- _Stored data_:
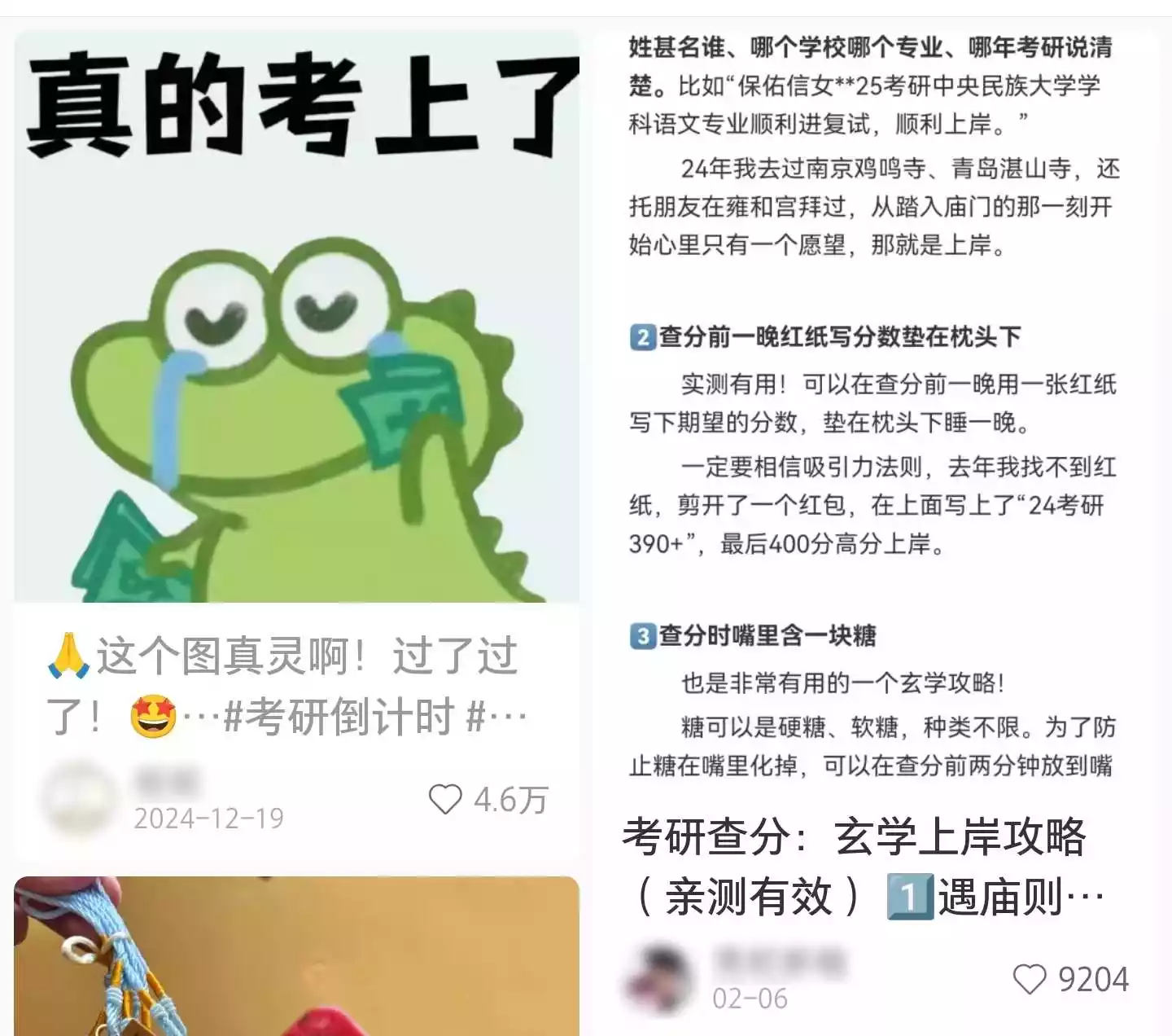 在考研话题下,超过半数的互动帖含有“玄学”元素。考生们自发形成一套完整的神秘主义体系:转发特定色系的“上岸神图”,在凌晨准点发布祈福弹幕,甚至衍生出“复试前吃紫色食物”(紫定胜)的饮食戒律。这种看似荒诞的行为,实则是将现实压力转化为可操作的“电子仪式”。
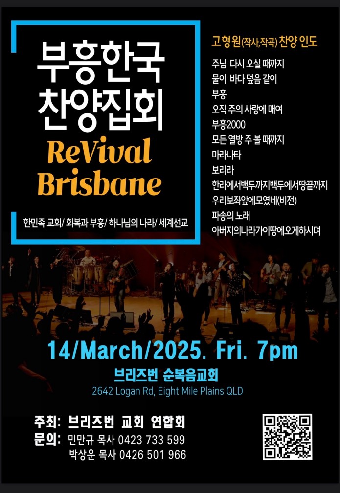 고형원 선교사님이 인도하는 <부흥한국> 찬양팀이 브리즈번에 오십니다.
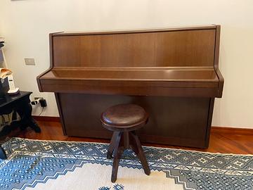 Pianoforte verticale noce con seggiolino rivestito di pelle in tinta
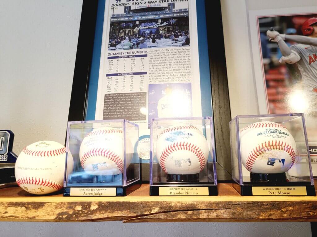 ちなみに一番左のボールは、2025年の日本シリーズ、阪神甲子園球場で行われた阪神vsソフトバンクの最終戦(第5戦)でソフトバンクの柳町選手が放ったファウルボールだそうです。そんなにキャッチできるものなの?
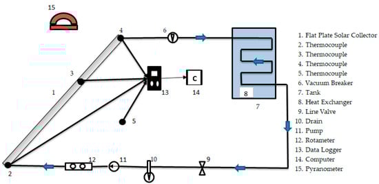 where FR, (τα), and UL are the heat removal factor, absorptance-transmittance product, and overall loss coefficient of the solar collector, respectively. To calculate the thermal efficiency, as shown in Equations (5) and (6), we divided by the energy input [4]:

- _Exercise directions_:
Every entry above needs to be duplicated precisely, and none of the pictures should appear.

- _Result of the exercise_:
 在考研话题下,超过半数的互动帖含有“玄学”元素。考生们自发形成一套完整的神秘主义体系:转发特定色系的“上岸神图”,在凌晨准点发布祈福弹幕,甚至衍生出“复试前吃紫色食物”(紫定胜)的饮食戒律。这种看似荒诞的行为,实则是将现实压力转化为可操作的“电子仪式”。
 고형원 선교사님이 인도하는 <부흥한국> 찬양팀이 브리즈번에 오십니다.
 Pianoforte verticale noce con seggiolino rivestito di pelle in tinta
 ちなみに一番左のボールは、2025年の日本シリーズ、阪神甲子園球場で行われた阪神vsソフトバンクの最終戦(第5戦)でソフトバンクの柳町選手が放ったファウルボールだそうです。そんなにキャッチできるものなの?
 where FR, (τα), and UL are the heat removal factor, absorptance-transmittance product, and overall loss coefficient of the solar collector, respectively. To calculate the thermal efficiency, as shown in Equations (5) and (6), we divided by the energy input [4]:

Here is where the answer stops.